Mosque in Cumilla,Chandina, Bangladesh

Built during the British period, Mehar Nazar Mamud Haji Bari Jame Masjid is a mosque located in Mehar village of 9 No. Maijchar Union, about 10 kilometres south-west of the headquarters of Chandina Upazila in Cumilla District.

== Construction and naming ==
According to the inscription on the mosque, it was built in 1925 CE (1331 Bangla year) by the distinguished philanthropist and religious figure Alhaj Nazar Mamud of Mehar village. The mosque was named Mehar Nazar Mamud Haji Bari Jame Mosque.

== History ==
According to elderly residents of the area and the grandchildren of Haji Sahib, during the British period, under the rule of Bir Bikram Kishore Manikya Bahadur of Tripura, and during the zamindari of Bhairab Chandra Singha of Mahichail village in Chandina, the mosque was built with the permission of the zamindar so that local Muslims could perform prayers. It was constructed on about 10 decimals of land. It is said that the zamindar arrived riding an elephant and inaugurated the construction of the mosque.

== Description ==
The mosque measures about 40 feet in length and 20 feet in width and stands approximately 35 feet high. Three large domes are constructed above the roof. There are three entrances on the eastern side for worshippers to enter the mosque, while there are two windows on the north and south sides. A pond covering about 120 decimals was excavated on the southern side for ablution and bathing, with paved ghats.
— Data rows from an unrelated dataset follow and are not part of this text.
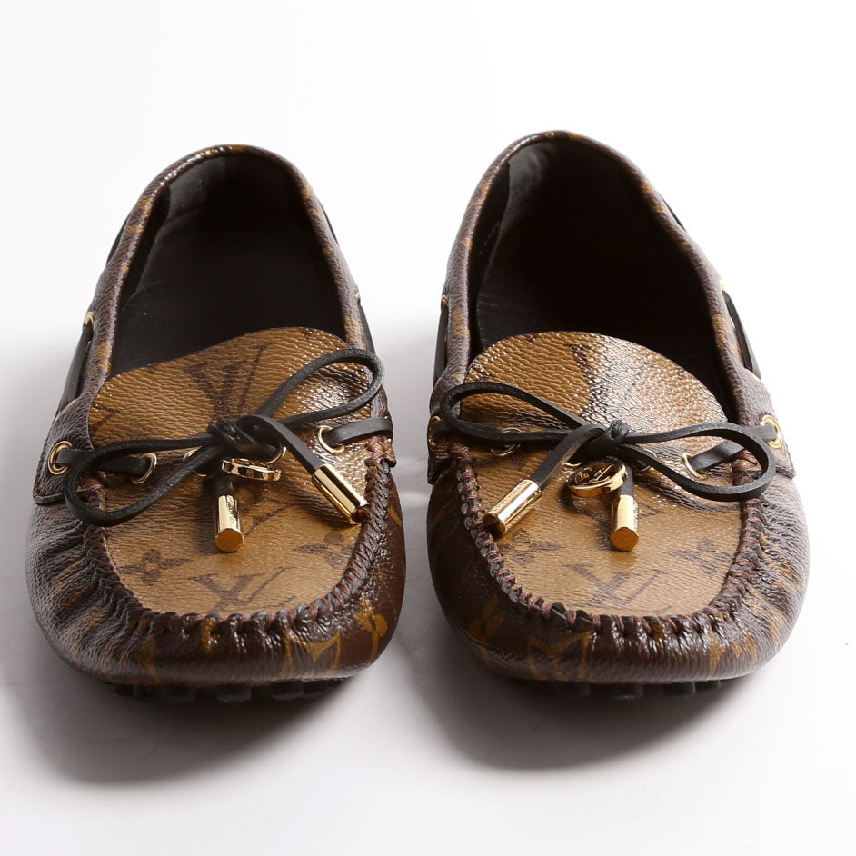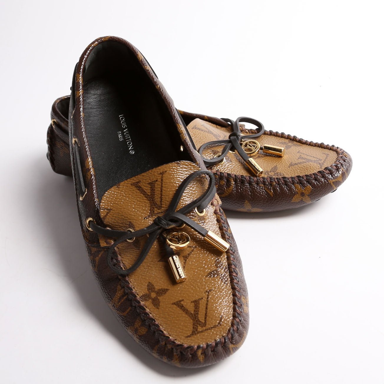 These pre-owned Louis Vuitton Gloria Loafer Reverse Monogram are guaranteed 100% authentic.
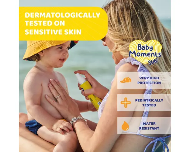 Noua gama de produse pentru protectie solara sunt concepute in concordanta cu nevoile specifice ale pielii bebelusilor si copiilor.Aceasta formula (3 PRO-TECH) protejeaza impotriva tuturor tipurilor d Produsul cu denumirea Spray protectie solara Chicco Baby Moments SPF50+ 150 ml face parte din brandul Micro, se afla in categoria Igiena si ingrijire si subcategoria
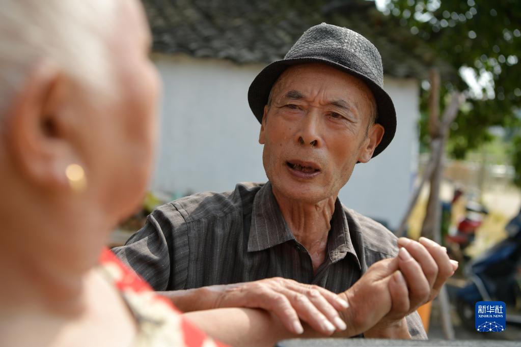 在江西省南昌縣三江鎮徐羅村,羅安民陪老伴在院子里聊天(9月5日攝)。
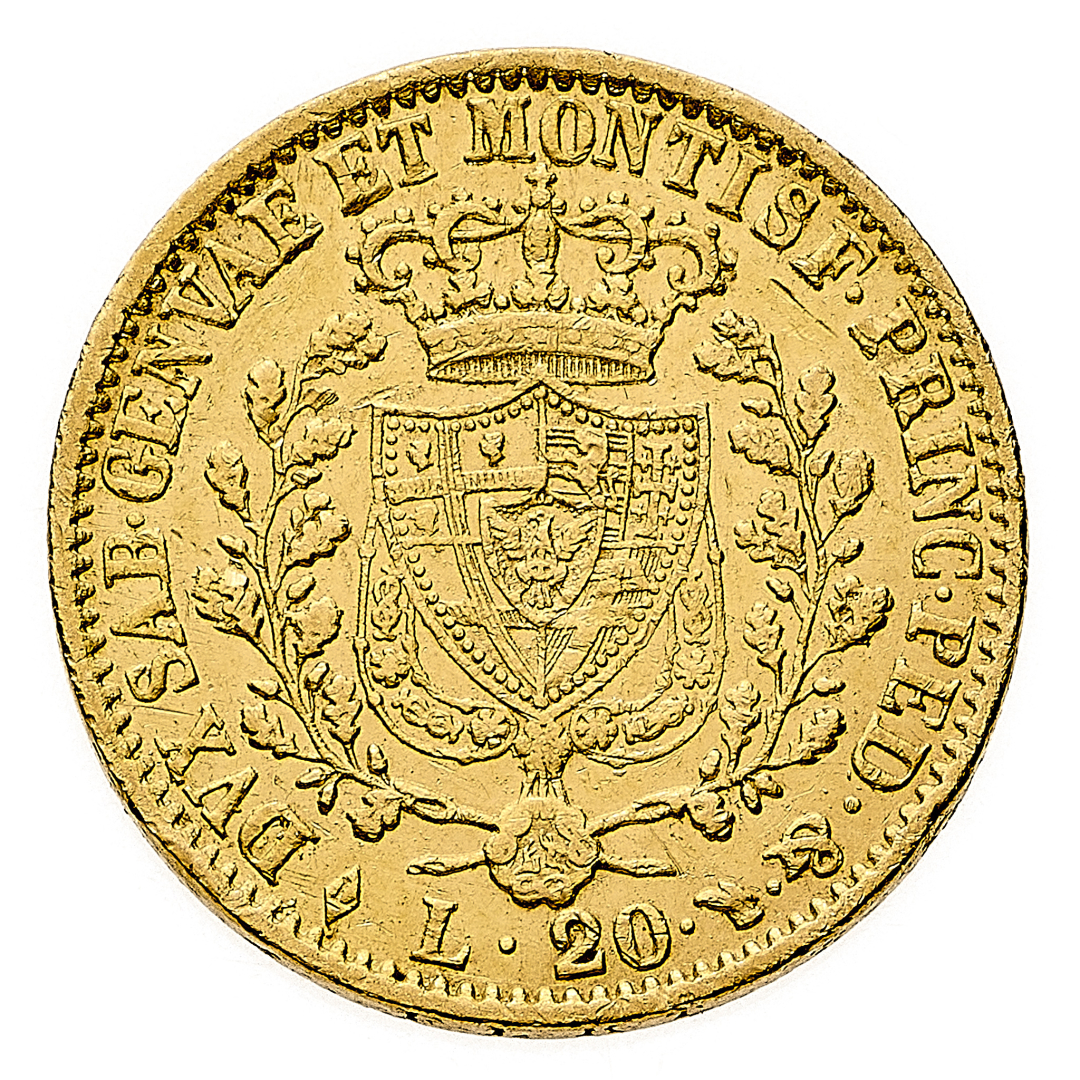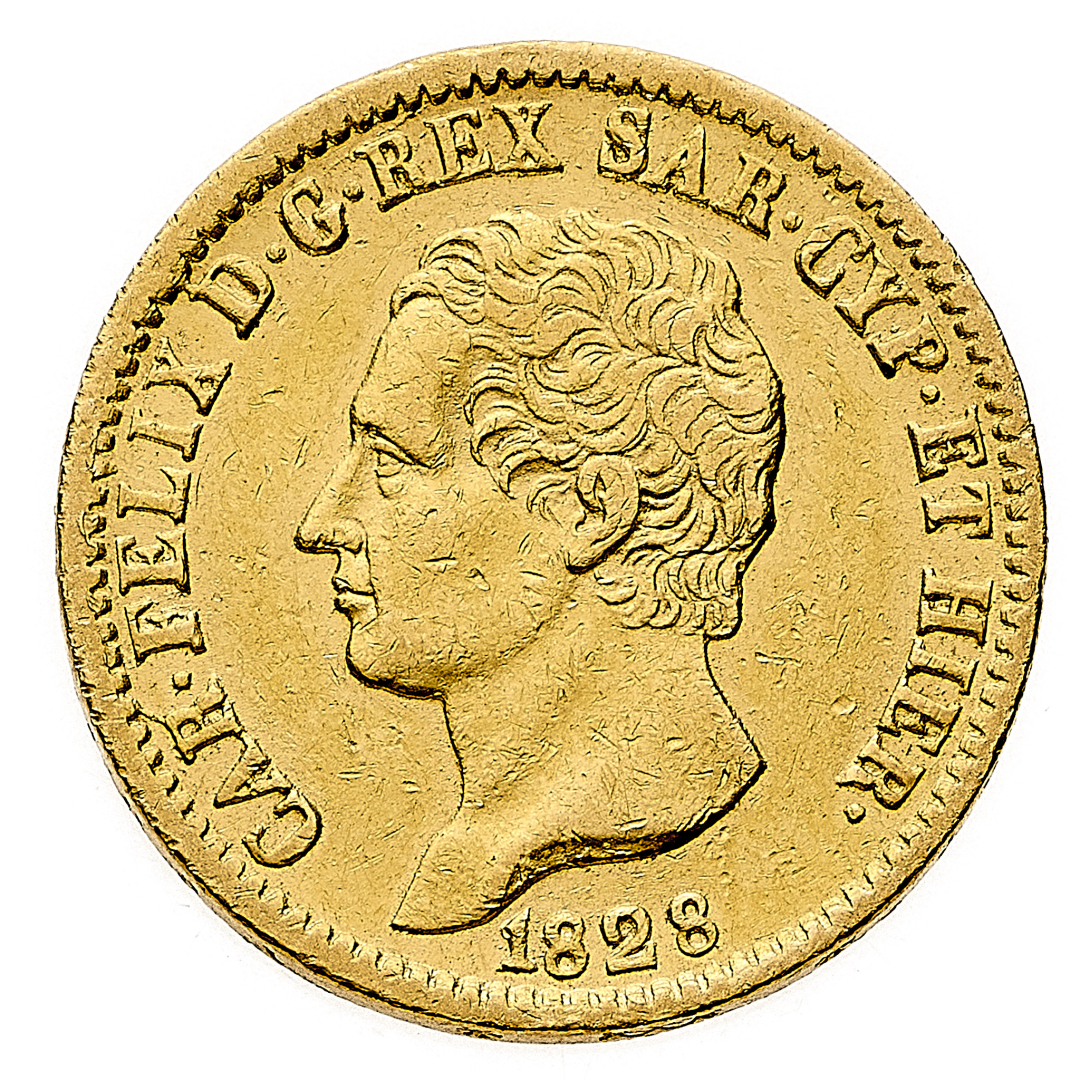 20 Lire 1828 - Zecca: Torino - Diritto: effigie del Re a sinistra - Rovescio: stemma completo di Casa Savoia coronato e circondato dal Collare dell'Annunziata - gr. 6,41 - q.SPL

For feeding worshippers during the Night of Qadr in Ramadan and for covering the expenses of the mosque’s imam and muezzin, Haji Sahib endowed 264 decimals of land as waqf in the name of the mosque. It is also known that he performed the Hajj by travelling on foot to Mecca. The mosque was constructed using lime and surki, and the walls are about 3–4 feet thick, which keeps the interior warm in winter and cool in summer. There is an open space in front of the mosque for religious discussions. Due to the increasing number of worshippers, the open space in front was later connected to the mosque and expanded by the grandchildren of Haji Sahib.

== Design and decoration ==
Among the four walls of the mosque, the entire front wall is decorated with intricate designs made from broken porcelain plates. The interior pulpit (minbar) also contains beautiful decorative work, which attracts visitors.